Когда мы сидели в поезде Вена – Рим, мой муж сказал, что я похожа на Одри Хепберн, только очень лохматую и беременную. Первый муж, его звали Эзра, я тебе о нем говорила. Его семья уехала по приглашению, а меня вывезли вместо невесты, которая в последний момент передумала. Яко благ, яко наг, яко нет ничего. Помню, что он сидел напротив меня и разглядывал, будто незнакомку, пока я читала забытый кем-то на сиденье
Мы попали в лапы какого-то комитета, выдававшего деньги на жизнь после многочасового стояния в очереди, вернее – сидения на раскаленном крыльце, потому что стоять мне было трудно. Живот был почти незаметен, а вот ноги уже болели. Я ходила по городу в резиновых шлепанцах и красном платье, украденном с веревки, но мне было весело. Шипастые шары каштанов плыли в траве, повсюду продавали жареную рыбу и лимонад, голубой угольный дым тянулся над улицами.

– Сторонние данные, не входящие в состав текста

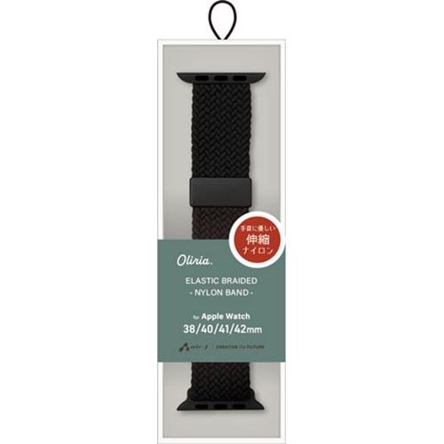 エアージェイ(air-j) AWB-5 BK Apple Watch バンド 伸縮ナイロン 38mm/40mm/41mm/42mm 対応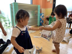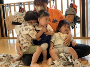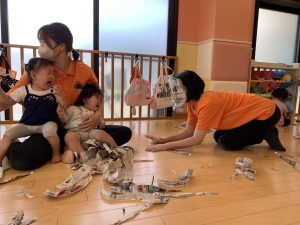 新聞紙が切れる音が怖くて最初は保育士にしがみついていたお友だちも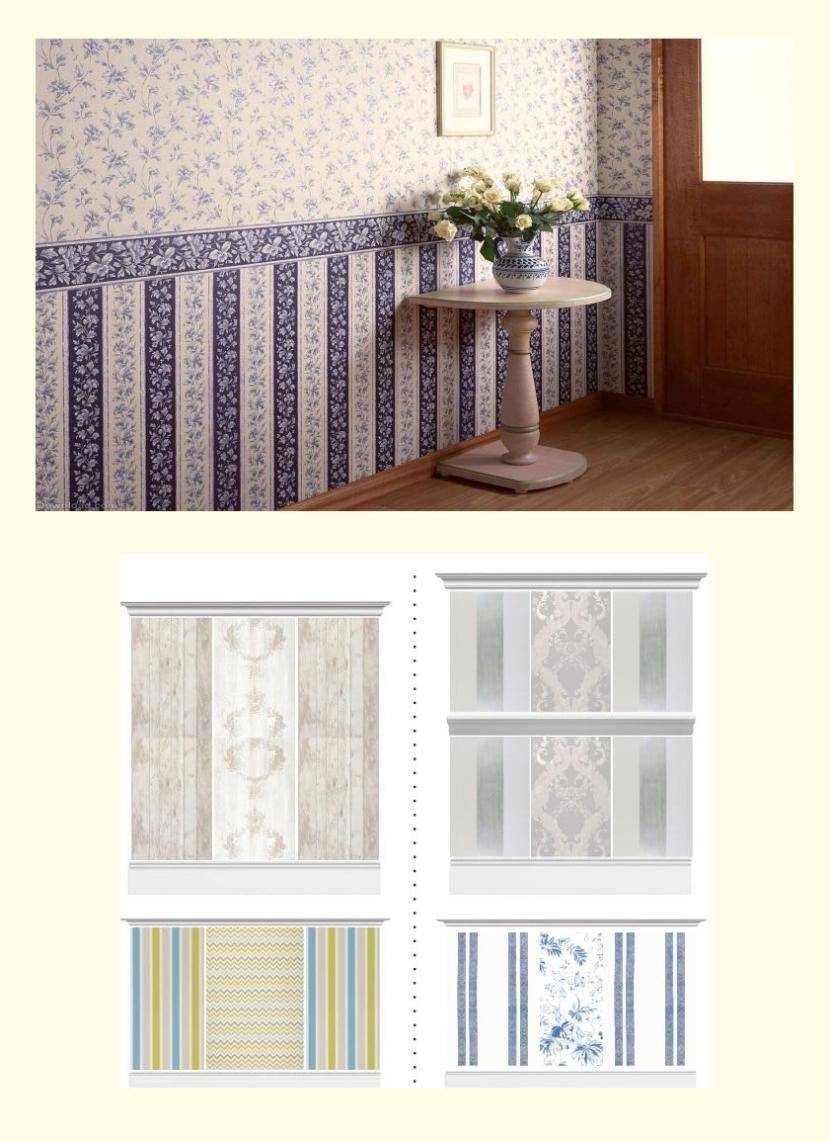 Способ комбинирования обоев, подойдет любителям необычного, сложного дизайна. В ходе отделки стен, можно разграничить различные зоны. Положительный момент комбинирования — это доступность практически любому, так как не подразумевает больших затрат. Сегодня, многие производители практикуют продажу «наборов», из уже скомбинированных полотен.

Теперь-то я знаю, что Остия – помойка. Просто в юности всегда так, попадаешь в новое место, и оно принимает тебя, словно илистое дно в реке – немного скользко, но мягко и тепло ступням. В старости, где бы ты ни встал, везде чувствуешь свои деревянные пятки, но до этого я, слава богу, не доживу. Мне осталось несколько недель, я успею только вдоволь наесться спелых манго, которые всегда ленилась чистить, и теперь жалею об этом.

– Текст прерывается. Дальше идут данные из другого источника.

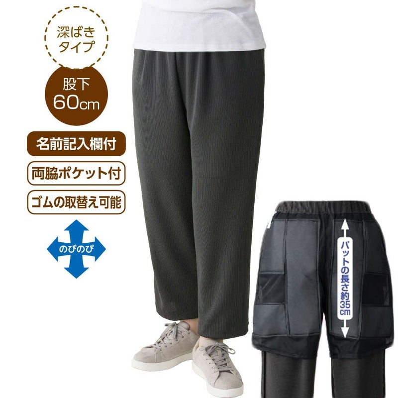 低反発素材(衝撃を吸収する不織布を重ねた2mmのパッド)をパンツの裏側に縫いつけることで、腰やお尻だけでなく横からの摩擦・圧迫も軽減。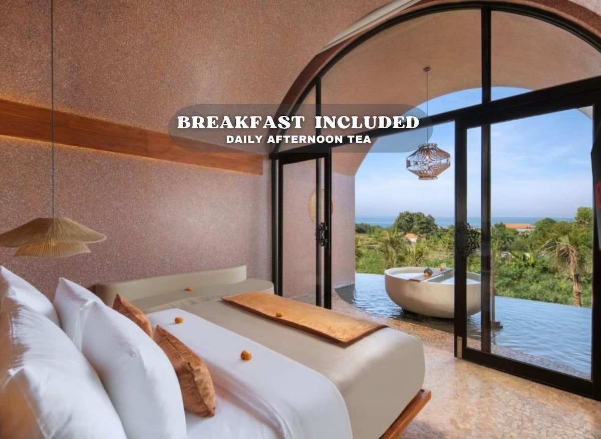 One of our most sought-after rooms, this dreamy 1-bedroom features a king bed, semi open-air ensuite, private balcony, and outdoor living space. Located opposite the pool, it offers resort pool views and a glimpse of the ocean. Designed with flair and authenticity, it’s set on the most peaceful side of Nusa Lembongan—just a 3-minute walk to two beaches : Coconut and Tamarind beach. Daily breakfast included at on-site plant based restaurant The Playful Table.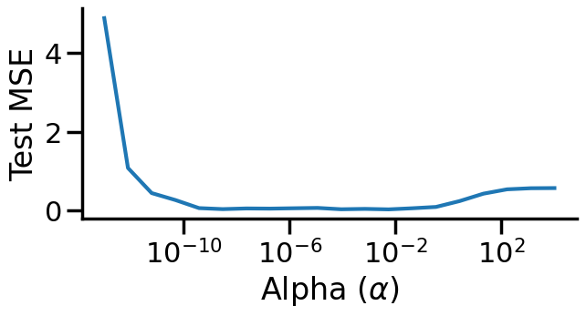 from sklearn import model_selection# Let's plot the behavior of a fixed degree polynomialdegree =15# (i.e., f(x) = w_1*x + w_2*x^2 + ... + w_15*x^15)# but where we change alpha.alphas = np.logspace(start=-13,stop=4,num=20)polynomial_features = PolynomialFeatures(degree=degree, include_bias=False)scores = []for a in alphas: linear_regression = Ridge(alpha=a) pipeline = Pipeline([("polynomial_features", polynomial_features), ("linear_regression", linear_regression)]) cv_scores = model_selection.cross_val_score(pipeline, X[:,np.newaxis], y, scoring="neg_mean_squared_error", cv=20) scores.append(cv_scores)scores = np.array(scores)plt.figure(figsize=(7,3))plt.semilogx(alphas,-np.mean(scores,axis=1),'-')plt.ylabel('Test MSE')plt.xlabel('Alpha ($\\alpha$)')sns.despine()plt.show()

Потом я плыла на круизном пароходе, оставив Агне с ее приемным отцом. Меня взяли чистить каюты – без паспорта, с сомнительной бумажкой, поэтому платили сущие гроши, пять тысяч лир в день плюс чаевые. Я воровала бутылочки с виски, полагавшиеся пассажирам, и устраивала себе сиесту на нижней палубе, на мокром ноябрьском ветру. В порту Мотриль, когда пассажиры сошли на берег, я отправилась было в закуток, но меня застукал стюард и ловко выгреб добычу из кармана моей униформы. В любой другой день я пошла бы с ним в его каюту, как он хотел, но в тот день мне было не по себе, я простудилась и чихала, как морская свинка. Когда он прижал меня к стене, я вцепилась ногтями в его запястье и разодрала кожу до крови. Пришлось взять расчет и сойти на берег в Лиссабоне.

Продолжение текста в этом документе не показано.